Изменить стиль страницы

Строят их за счёт программы "Социальное развитие села", т.е. на федеральные деньги. Естественный вопрос: разве это плохо? А вот тут как посмотреть. Разумеется, жилищный вопрос — он и в Африке актуален, так что от нового жилья никто не отказывается. Только жизнь в этих домах — не сахар. Газа в посёлке нет вообще, про водопровод я писал выше, одна радость — электричество. Но подводить сюда электроэнергию никто не торопится, и из двух десятков уже построенных зданий подключено не более четверти. Остальные — либо ждут поступления средств из Центра, либо жильцы сами собирают деньги и проводят подключения за свой счёт, что достаточно дорого.

А ещё в федеральную программу включено "повышение образовательного уровня учащихся общеобразовательных учреждений в сельской местности", которое на деле вылилось в закрытие одной из средних школ. Точнее, той школы, что в самом центре посёлка.

На следующий год те, кто в ней учились, будут раскиданы по классам в девятилетку и во вторую среднюю. Ну а школа N1, имеющая 80% износа, останется в ожидании своей участи — денег на её ремонт (в отличие от ДК) нет.

Кстати, для информации. Если девятилетку, с некой натяжкой, тоже можно считать расположенной в центре, то вторая средняя стоит километрах в 4-5 от оного. Так что добираться до неё как минимум минут 30, а с улицы с новостройками — ещё дольше. И если учитывать особенности сибирской зимы с её 40-градусными морозами (это явление обыденное, а порой и минус 45-50 может стукнуть), то зимой такая прогулка может быть чревата последствиями, причем не только для учеников.

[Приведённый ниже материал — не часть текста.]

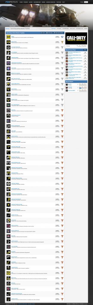 Comme d’habitude, c’est le site PSN Profiles qui nous présente l’intégralité des récompenses qu’il sera possible d’obtenir à travers les modes solo et multijoueur du titre de Infinity Ward. Sur PS4, il y aura un trophée or, douze en argent et trente-sept de bronze pour un total de 51 trophées. Voici une capture d’écran de cette liste mais vous pouvez également vous rendre directement sur PSN Profiles pour profiter d’une meilleure lisibilité.

Так что оборачиваются эти новостройки очередной "потёмкинской деревней" и громкими рапортами — наверх, о реализации на селе общегосударственных инициатив.

Неужели, имея под боком тайгу, располагая возможностями для развития сельского хозяйства, обладая промышленными мощностями (тот же мехзавод), выгодно жить за счёт бюджета?? Проще — да, спокойнее — разумеется, но выгодно — вряд ли. Ну, может, кому-то и выгодно, особенно если этот кто-то пасётся около бюджета, но и только. А остальным? А остальным остаётся уповать на свой участок и надеяться на появление "доброго царя" местного уровня, который будет душой болеть за свою "малую" родину. Нужна-то от властей самая малость — оторвать руководящий орган от управленческого кресла и поработать над созданием рабочих мест с нормальной зарплатой, а торговля и разные сервисы ждать себя не заставят.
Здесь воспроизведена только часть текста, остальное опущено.